# Available data

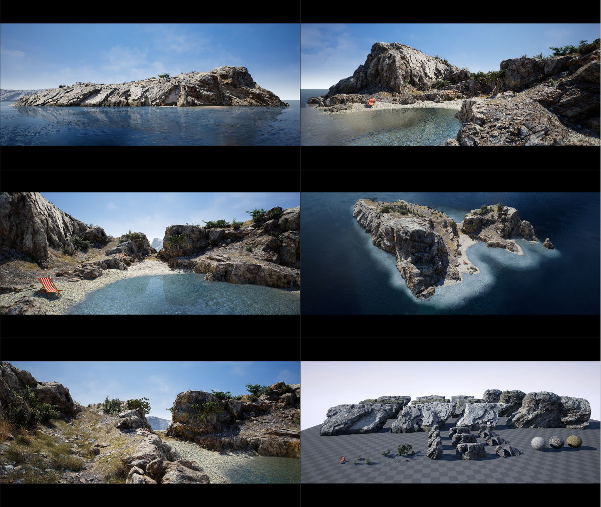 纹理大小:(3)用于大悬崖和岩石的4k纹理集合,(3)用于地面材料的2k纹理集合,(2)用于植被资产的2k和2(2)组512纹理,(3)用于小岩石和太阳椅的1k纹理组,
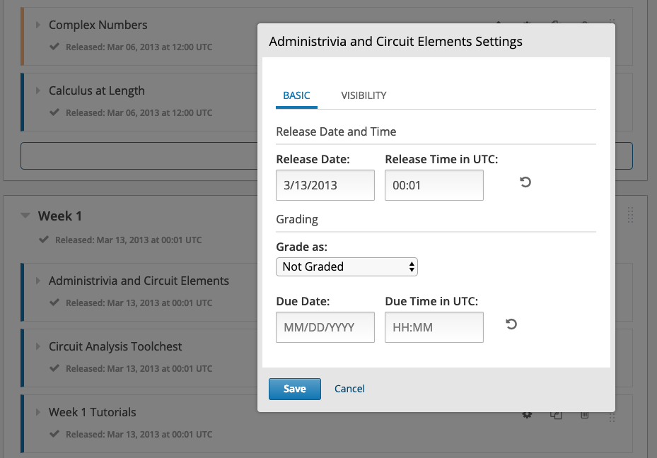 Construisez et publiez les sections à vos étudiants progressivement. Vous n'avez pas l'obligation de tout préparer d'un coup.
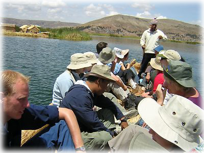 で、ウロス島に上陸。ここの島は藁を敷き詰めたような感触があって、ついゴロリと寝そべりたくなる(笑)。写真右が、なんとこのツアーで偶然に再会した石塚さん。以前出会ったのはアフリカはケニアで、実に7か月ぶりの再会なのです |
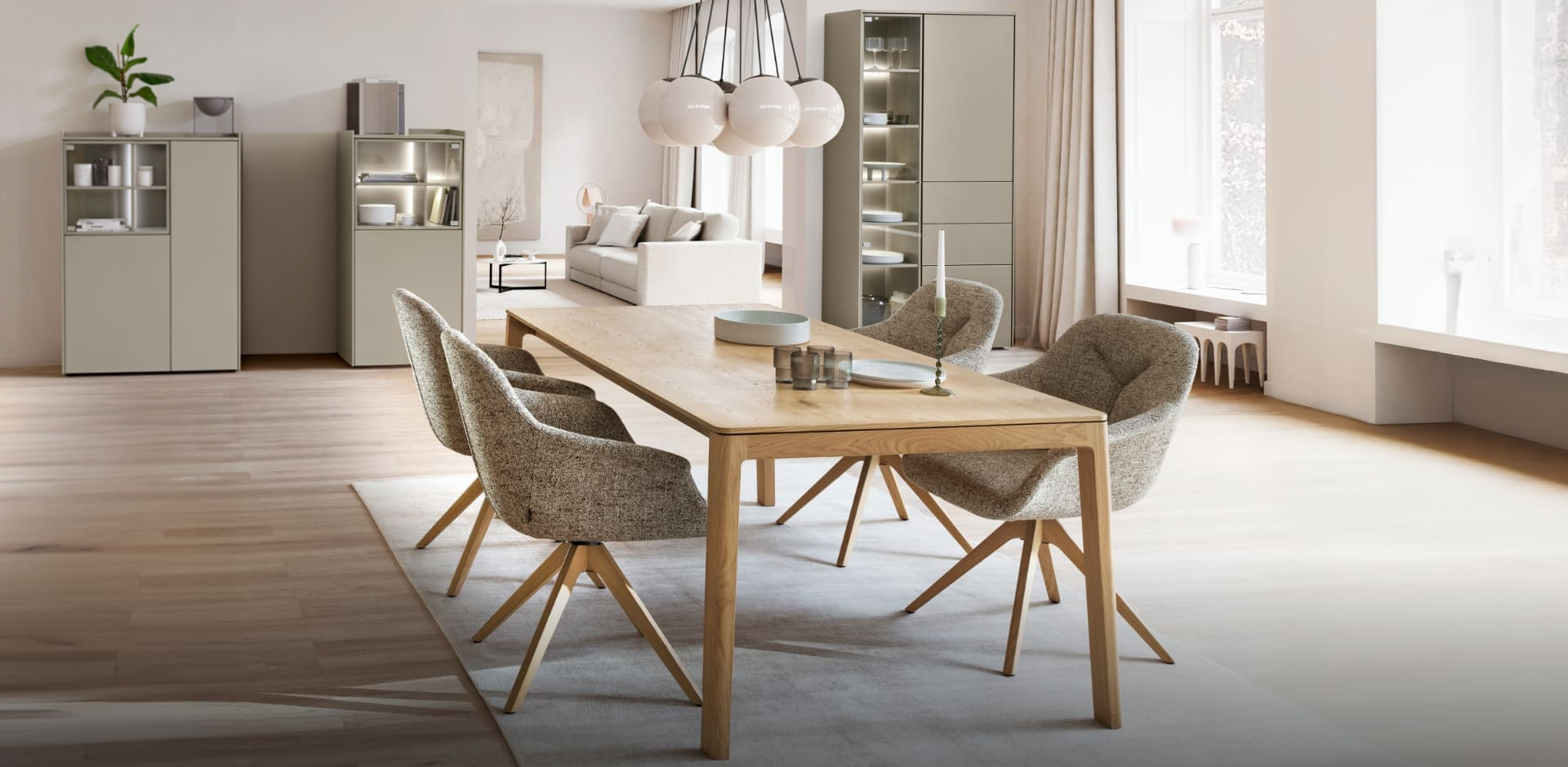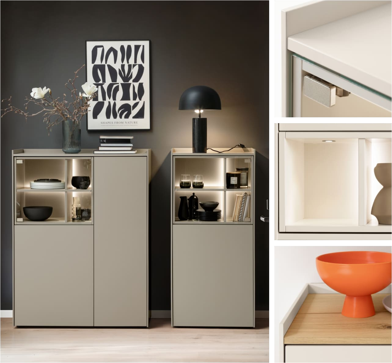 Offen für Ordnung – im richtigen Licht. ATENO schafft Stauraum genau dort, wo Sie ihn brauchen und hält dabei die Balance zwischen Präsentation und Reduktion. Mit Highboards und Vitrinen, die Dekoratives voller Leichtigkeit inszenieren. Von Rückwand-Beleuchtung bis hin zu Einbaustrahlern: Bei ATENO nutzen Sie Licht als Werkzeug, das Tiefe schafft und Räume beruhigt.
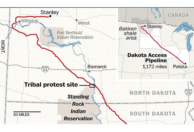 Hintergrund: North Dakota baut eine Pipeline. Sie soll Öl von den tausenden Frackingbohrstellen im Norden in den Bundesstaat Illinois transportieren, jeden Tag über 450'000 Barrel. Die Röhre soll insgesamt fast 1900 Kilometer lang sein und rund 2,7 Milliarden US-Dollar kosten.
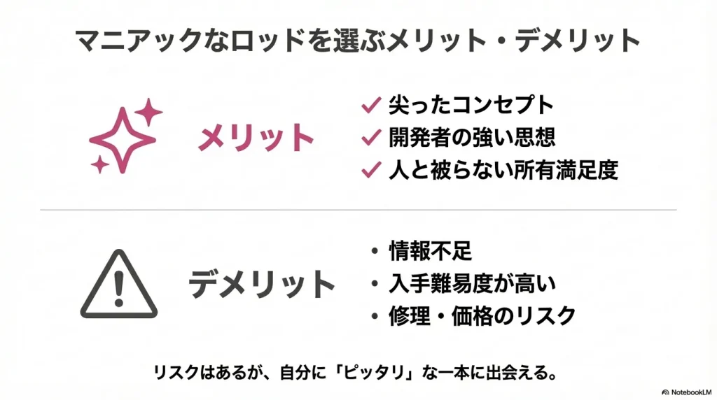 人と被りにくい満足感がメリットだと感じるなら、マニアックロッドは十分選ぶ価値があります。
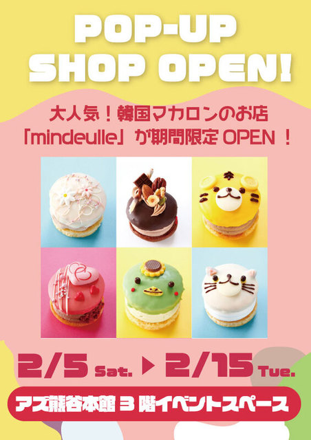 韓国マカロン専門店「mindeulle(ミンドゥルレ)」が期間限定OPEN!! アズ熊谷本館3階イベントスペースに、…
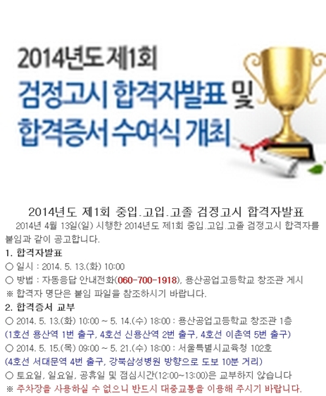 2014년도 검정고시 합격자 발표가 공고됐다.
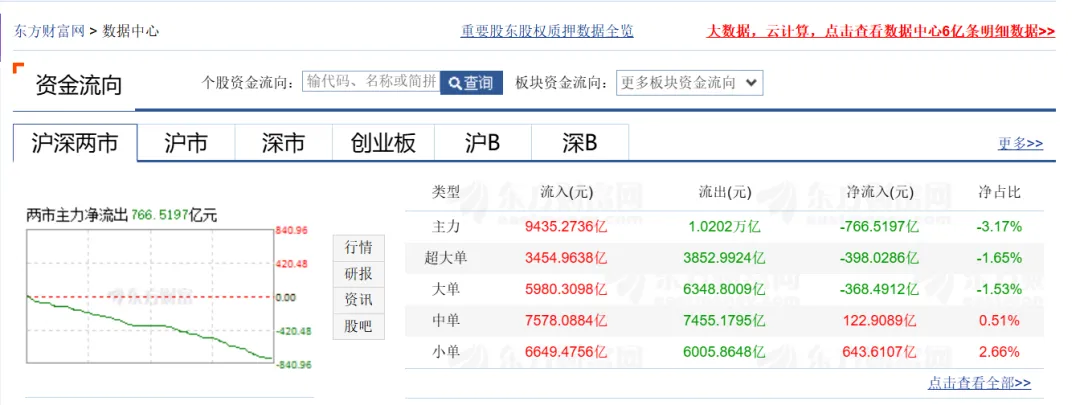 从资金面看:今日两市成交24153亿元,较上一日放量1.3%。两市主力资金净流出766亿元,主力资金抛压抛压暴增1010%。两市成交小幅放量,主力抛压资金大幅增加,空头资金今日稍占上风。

# What the exercise asks
Would you output the lines above from the line holding "で、ウロス島に上陸。ここの島" up to and including the line holding "Hintergrund: North Dakota", exactly and only those, with no pictures?

# Reply to the task
 で、ウロス島に上陸。ここの島は藁を敷き詰めたような感触があって、ついゴロリと寝そべりたくなる(笑)。写真右が、なんとこのツアーで偶然に再会した石塚さん。以前出会ったのはアフリカはケニアで、実に7か月ぶりの再会なのです |
 Offen für Ordnung – im richtigen Licht. ATENO schafft Stauraum genau dort, wo Sie ihn brauchen und hält dabei die Balance zwischen Präsentation und Reduktion. Mit Highboards und Vitrinen, die Dekoratives voller Leichtigkeit inszenieren. Von Rückwand-Beleuchtung bis hin zu Einbaustrahlern: Bei ATENO nutzen Sie Licht als Werkzeug, das Tiefe schafft und Räume beruhigt.
 Hintergrund: North Dakota baut eine Pipeline. Sie soll Öl von den tausenden Frackingbohrstellen im Norden in den Bundesstaat Illinois transportieren, jeden Tag über 450'000 Barrel. Die Röhre soll insgesamt fast 1900 Kilometer lang sein und rund 2,7 Milliarden US-Dollar kosten.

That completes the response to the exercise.